-- RECORDS FOR THE TASK follows --

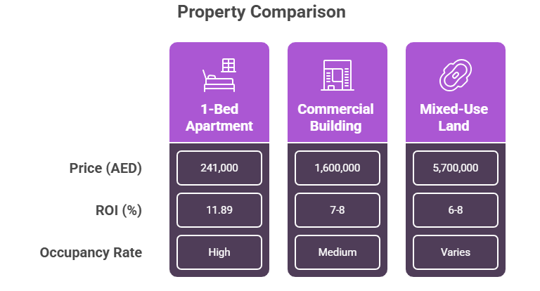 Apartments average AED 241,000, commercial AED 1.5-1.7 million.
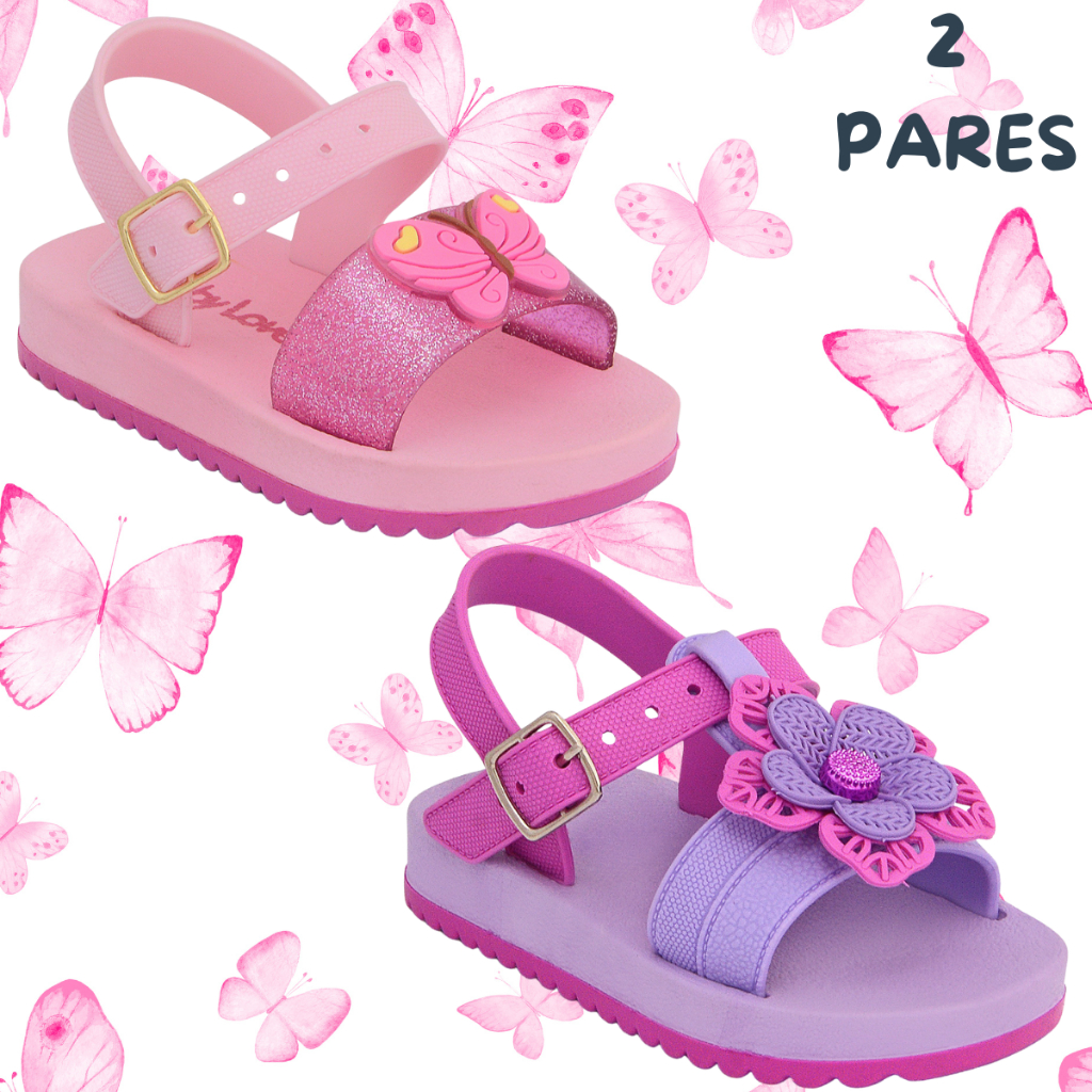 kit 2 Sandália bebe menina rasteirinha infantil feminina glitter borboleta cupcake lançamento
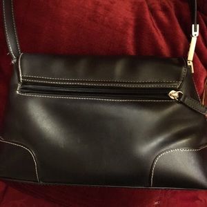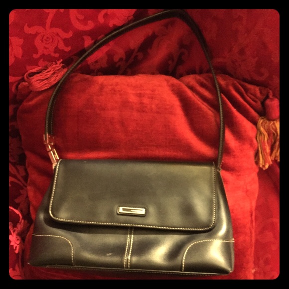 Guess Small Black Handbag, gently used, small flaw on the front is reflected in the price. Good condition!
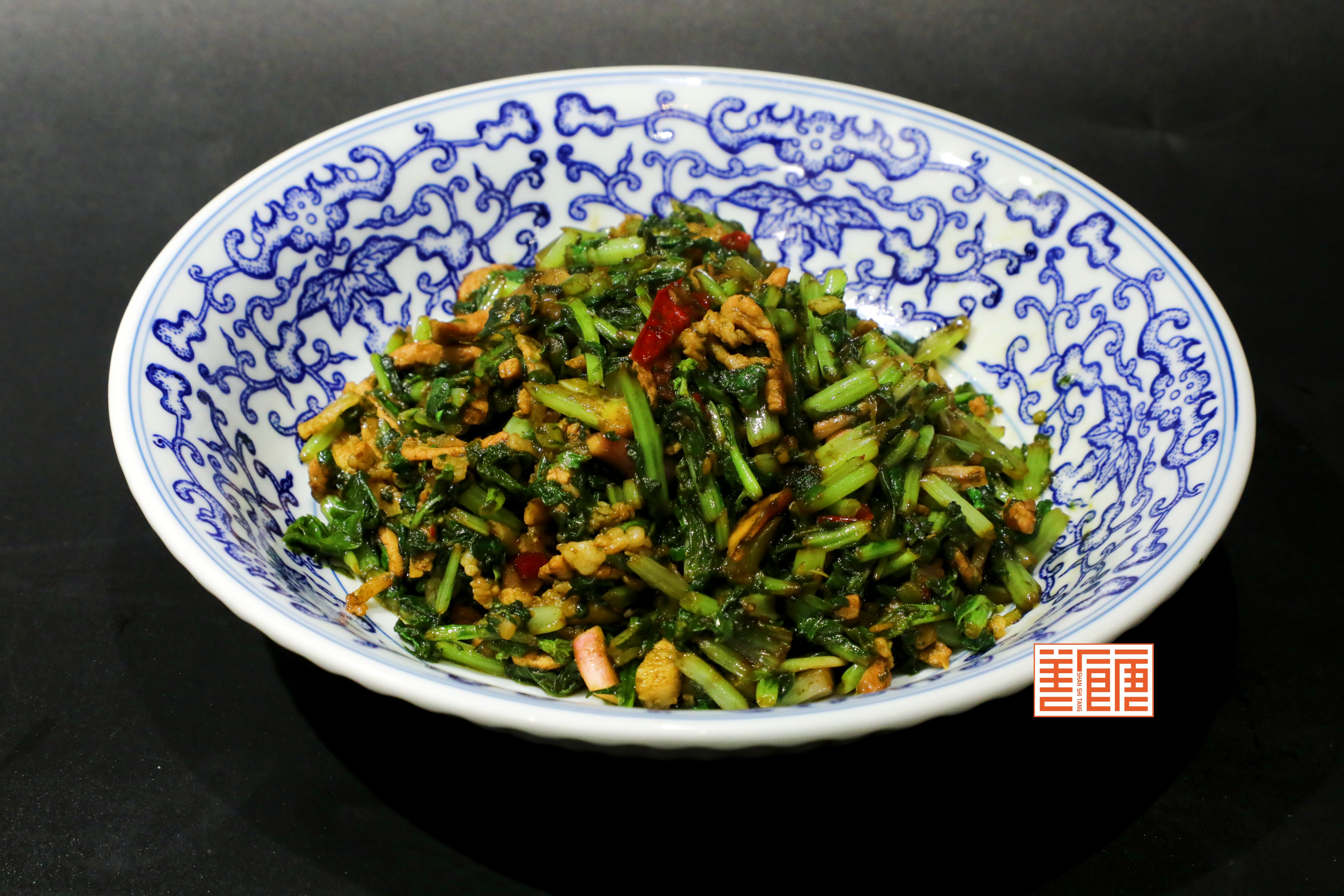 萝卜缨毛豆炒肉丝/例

-- RECORDS FOR THE TASK concluded --
-- RECORDS FOR THE TASK follows --

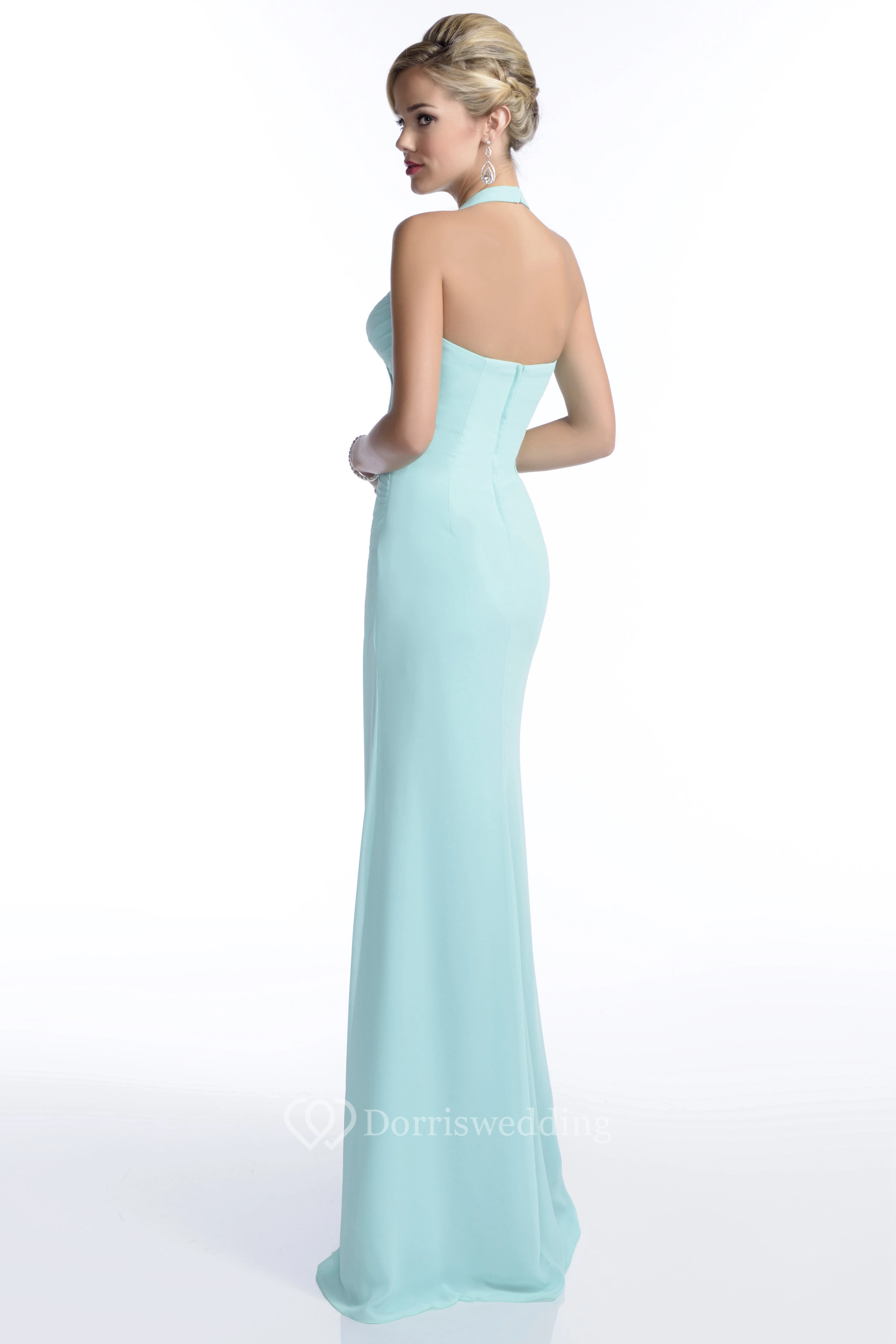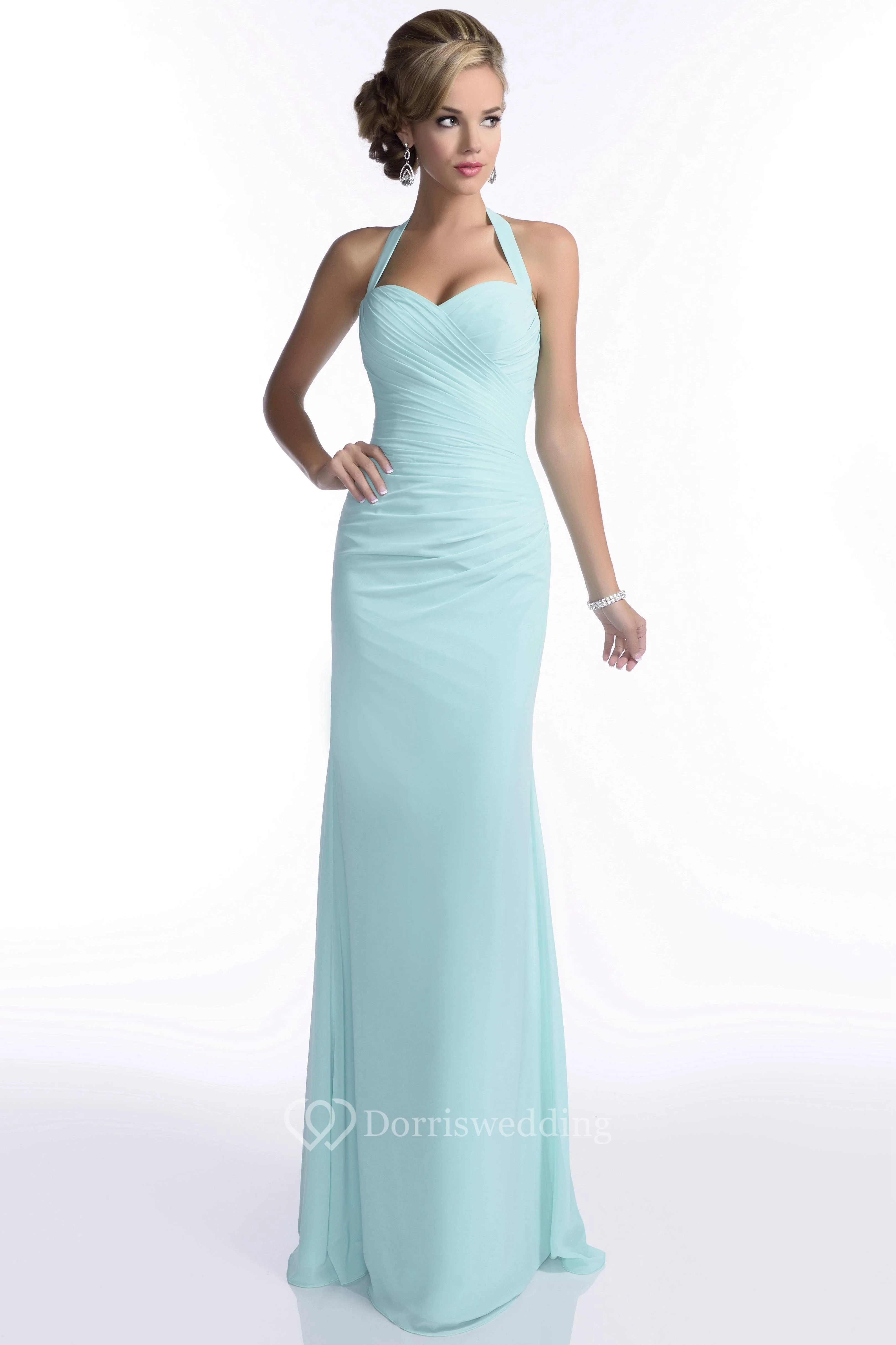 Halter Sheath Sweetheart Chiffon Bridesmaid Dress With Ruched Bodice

-- RECORDS FOR THE TASK concluded --

ACTIVITY
Go down the entries above from the line containing "Apartments average AED" to the line containing "Guess Small Black" and write out each line exactly, leaving pictures out.

OUTPUT
 Apartments average AED 241,000, commercial AED 1.5-1.7 million.
 kit 2 Sandália bebe menina rasteirinha infantil feminina glitter borboleta cupcake lançamento
 Guess Small Black Handbag, gently used, small flaw on the front is reflected in the price. Good condition!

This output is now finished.